Paint analysis, in the context of forensic science, is the process of examining paint samples in an attempt to discover their unique physical and chemical properties. Usually this is done on known and questioned samples to check for any differences between them, and thus to determine if they are from the same source. One of the areas in which forensic paint analysis is particularly useful is in motor vehicle identification, when paint is collected from an accident or crime scene, for example. However, since paint samples from the same source can also have differences in its physical or even chemical characteristics, forensic paint analysis also involves the assessment of the significance of any differences in tested samples.
The physical match
This is the most straightforward and conclusive examination that can be done. It usually involves the comparison of the edges and surface markings on the paint samples, and surface markings on the underside of the samples to the original surface. Physical matches must be documented; by taking images and notes.
The layers of paint are visually identified by viewing sample edges at 5-100 times magnification, to make definitive layer identification sample preparation techniques are necessary. Subtle differences in the physical characteristics between paint samples should be tested for by viewing samples side by side on a microscope.
Solvent/Microchemical Tests
When paint samples have very similar visual and physical characteristics, they can be put through solvent or microchemical tests to check for chemical differences between them.
The tests involve dissolving paint binders and the reactions of pigments and binders with dehydrating, oxidizing, and reducing agents. These tests are destructive and thus should only be used if the amount of questioned samples is sufficient. Tests should be done, and changes recorded, on known and questioned samples simultaneously.

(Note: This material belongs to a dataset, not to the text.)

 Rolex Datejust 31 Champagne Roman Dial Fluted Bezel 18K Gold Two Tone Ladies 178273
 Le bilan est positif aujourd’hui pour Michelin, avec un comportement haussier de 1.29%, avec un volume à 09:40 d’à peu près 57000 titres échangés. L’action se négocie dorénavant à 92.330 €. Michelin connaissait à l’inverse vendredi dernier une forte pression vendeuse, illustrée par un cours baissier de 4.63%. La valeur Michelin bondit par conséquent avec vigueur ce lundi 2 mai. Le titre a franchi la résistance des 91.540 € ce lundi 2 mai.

The changes, which can include softening, warping, layer dissolution, flocculation, and color changes, can be difficult to quantifiy, thus this should be considered to be only preliminary testing.
Polarized Light Microscopy (PLM)
PLM can be used for examining the layer structure and the particles, such as pigments and extenders, in a paint sample, by observing their optical properties.
Infrared Spectroscopy
Information about binders, pigments, and additives, can be obtained through this method. A beam-focusing device is usually necessary. The infrared light beam is split into two separate beams; and passes through the sample (which has been dissolved), and the other through the substance in which the sample has been dissolved. The beams are then reflected and read, and the differences in spectral absorption patterns are obtained.

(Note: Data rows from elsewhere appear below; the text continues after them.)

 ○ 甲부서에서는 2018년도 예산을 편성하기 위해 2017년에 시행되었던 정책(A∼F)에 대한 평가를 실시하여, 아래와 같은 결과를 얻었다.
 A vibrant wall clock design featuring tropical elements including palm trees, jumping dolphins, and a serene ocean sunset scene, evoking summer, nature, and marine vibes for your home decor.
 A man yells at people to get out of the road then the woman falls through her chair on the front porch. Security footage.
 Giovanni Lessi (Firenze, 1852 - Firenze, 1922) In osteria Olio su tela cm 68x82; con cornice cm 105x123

Pyrolysis Gas Chromatography (PGC)
Chromatography is a family of analytical chemistry techniques for the separation of mixtures. In gas chromatography a substance is processed in a chromatograph, which separates the chemicals into its component parts because of the different migration rates of the components of the substance through the chromatographic medium because of different affinity values.

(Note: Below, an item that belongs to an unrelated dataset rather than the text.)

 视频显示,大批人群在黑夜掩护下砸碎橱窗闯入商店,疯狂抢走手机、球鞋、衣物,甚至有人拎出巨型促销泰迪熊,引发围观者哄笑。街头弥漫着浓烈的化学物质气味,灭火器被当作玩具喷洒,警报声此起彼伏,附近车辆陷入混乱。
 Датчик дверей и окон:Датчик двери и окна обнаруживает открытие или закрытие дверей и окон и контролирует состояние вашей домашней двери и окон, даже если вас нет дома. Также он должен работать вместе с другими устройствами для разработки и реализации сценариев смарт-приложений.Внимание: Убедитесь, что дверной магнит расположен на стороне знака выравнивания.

Pyrolysis gas chromatography involves heating samples for several seconds at very high temperatures (such as 600 degrees Celsius) inside a pyrolysis unit, which provides an oxygen-free environment.
Microspectrophotometry
In this method light absorption spectrum of a sample is determined, by which its chemical composition can be analyzed. A microscopic thin beam of light is shone through a sample, and light that is not absorbed in captured the a detector.
Scanning Electron Microscopy
This method involves visual examination of the sample using a scanning electron microscope, which can produce very high-resolution images of a surface. It is particularly useful for determining the surface structure, and also for elemental composition, of paint samples.
X-Ray Fluorescence Spectrometry (XRF)
XRF is a non-destructive method of identifying elements and determining their concentrations in the sample. Using the XRF spectrometer, the individual component wavelengths of the fluorescent emission of the sample when subjected to X-rays can be measured.
Some other techniques, not as commonly used, are fluorescence microscopy, low-temperature ashing, solvent extraction, analytical electron microscopy, and cathodoluminescence.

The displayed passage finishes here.